(Supplied data begins)
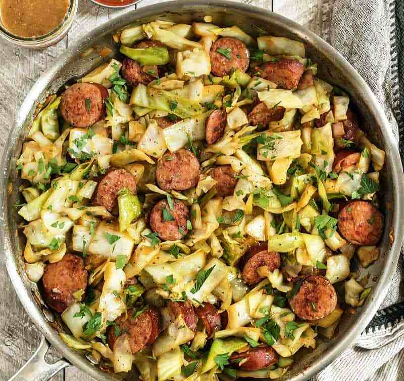 Μόλις είναι μαλακά, ραντίστε με την σάλτσα μουστάρδας πάνω από το τηγάνι, ξεκινώντας με μόλις με την μισή ποσότητας. Ανακατέψτε για να ανακατευτεί όλο το λουκάνικο και το λάχανο με την σάλτσα, και προσθέσετε περισσότερο αν χρειαστεί.
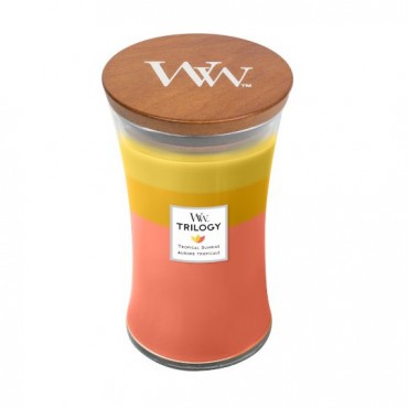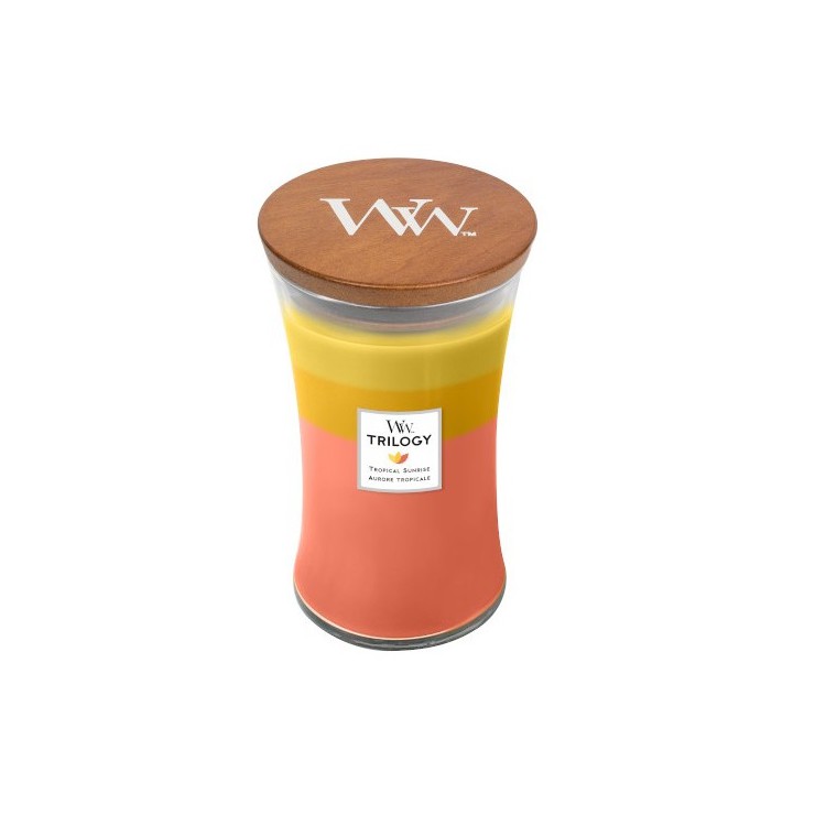 Duża Świeca Trilogy Tropical Sunrise WoodWick to trzy warstwy koloru i aromatu połączono, aby stworzyć jedną piękną świecę. Każda z nich posiada unikalną kompozycję wosków, które topiąc się uwalniają wyjątkowy zapach: Blue Java Banana, Seaside Mimosa i Tamarind & Stonefruit.
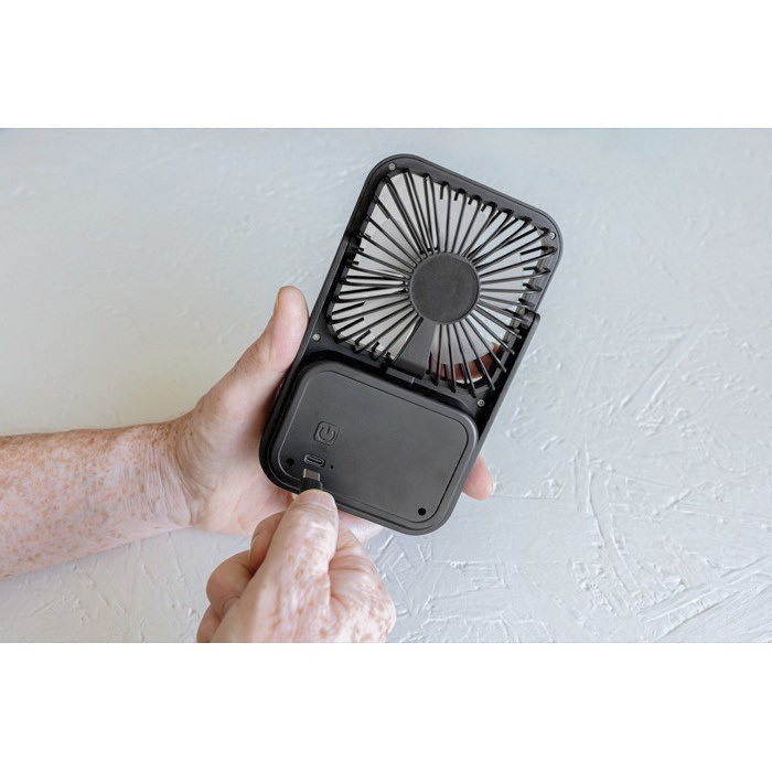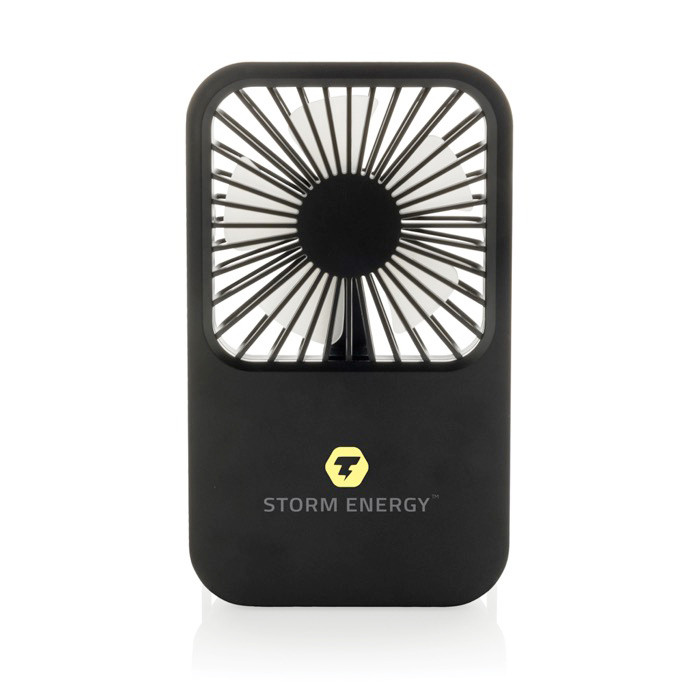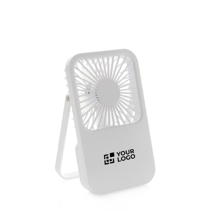 Ventilador de escritorio fabricado en plástico reciclado. pensado para dar aire fresco en puestos de trabajo. recepciones o salas de reuniones. Integra batería recargable de 1200mAh con hasta 3 horas de uso y carga aproximada en 4 horas mediante cable USB-A a USB-C incluido. Permite ajustar el caudal con tres niveles de velocidad y orientar el flujo gracias a su soporte regulable. Presentación en caja kraft con Certificación de Sostenibilidad Forestal (FSC). Una opción práctica para acciones de marca en oficina o eventos.
(Supplied data ends)
▶ _Exercise directions_:
Your task is to repeat the listing exactly while omitting its pictures.

▶ _Result for this task_:
 Μόλις είναι μαλακά, ραντίστε με την σάλτσα μουστάρδας πάνω από το τηγάνι, ξεκινώντας με μόλις με την μισή ποσότητας. Ανακατέψτε για να ανακατευτεί όλο το λουκάνικο και το λάχανο με την σάλτσα, και προσθέσετε περισσότερο αν χρειαστεί.
 Duża Świeca Trilogy Tropical Sunrise WoodWick to trzy warstwy koloru i aromatu połączono, aby stworzyć jedną piękną świecę. Każda z nich posiada unikalną kompozycję wosków, które topiąc się uwalniają wyjątkowy zapach: Blue Java Banana, Seaside Mimosa i Tamarind & Stonefruit.
 Ventilador de escritorio fabricado en plástico reciclado. pensado para dar aire fresco en puestos de trabajo. recepciones o salas de reuniones. Integra batería recargable de 1200mAh con hasta 3 horas de uso y carga aproximada en 4 horas mediante cable USB-A a USB-C incluido. Permite ajustar el caudal con tres niveles de velocidad y orientar el flujo gracias a su soporte regulable. Presentación en caja kraft con Certificación de Sostenibilidad Forestal (FSC). Una opción práctica para acciones de marca en oficina o eventos.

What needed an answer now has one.